───── Material provided ─────
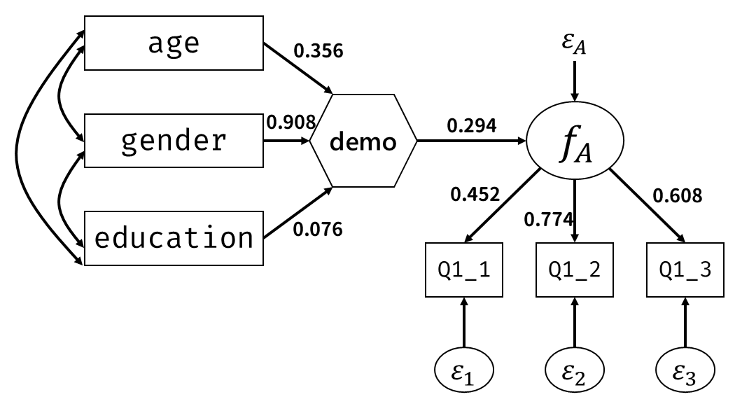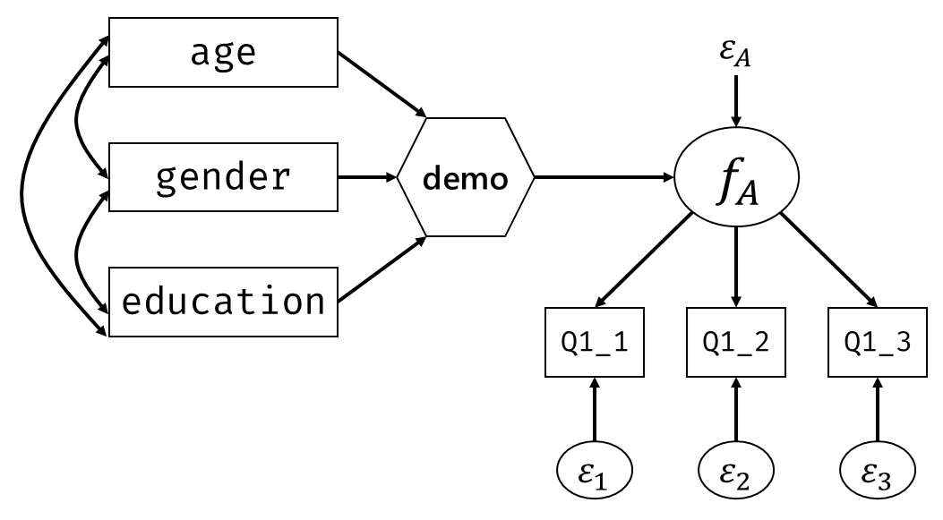 f1 =~ Q1_1 + Q1_2 + Q1_3
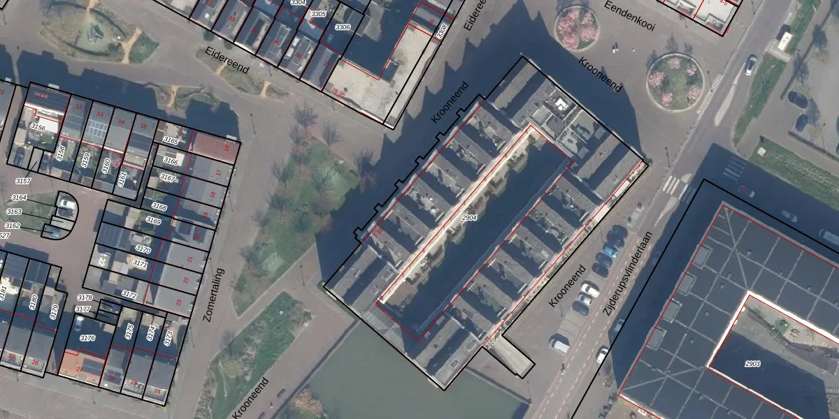 Het perceel waarop Krooneend 34 staat heeft een oppervlakte van 3014 m². Dit is een zeer groot perceel. De perceeloppervlakte wordt geregistreerd door het Kadaster. Gedetailleerde informatie over de maten van dit perceel kunt u vinden in het rapport Kadastrale kaart met maatvoering van Krooneend 34.
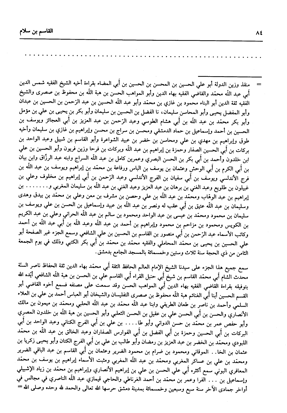 الفرا وعمر بن محمد بن أحمد الغرناطي والحاجي قيمازي عبد الله الناصري في مجالس في أواخر جمادى الاخر سنة سبع وسبعين وخمسمائة بمدينة دمشق حرسها الله تعالى والحمد لله وحده وصلى الله
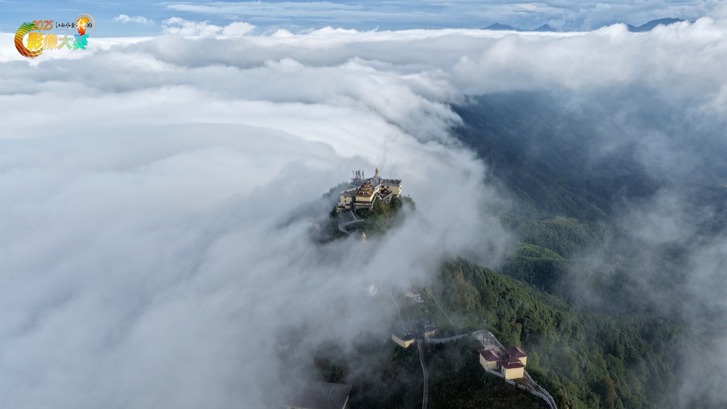 抚州市乐安县大华山顶的千年道观,在云海翻腾下显得格外飘逸
─────
Print the data above from its first line through the line that has "Het perceel waarop", exactly and with nothing else, omitting pictures.

Exercise result:
 f1 =~ Q1_1 + Q1_2 + Q1_3
 Het perceel waarop Krooneend 34 staat heeft een oppervlakte van 3014 m². Dit is een zeer groot perceel. De perceeloppervlakte wordt geregistreerd door het Kadaster. Gedetailleerde informatie over de maten van dit perceel kunt u vinden in het rapport Kadastrale kaart met maatvoering van Krooneend 34.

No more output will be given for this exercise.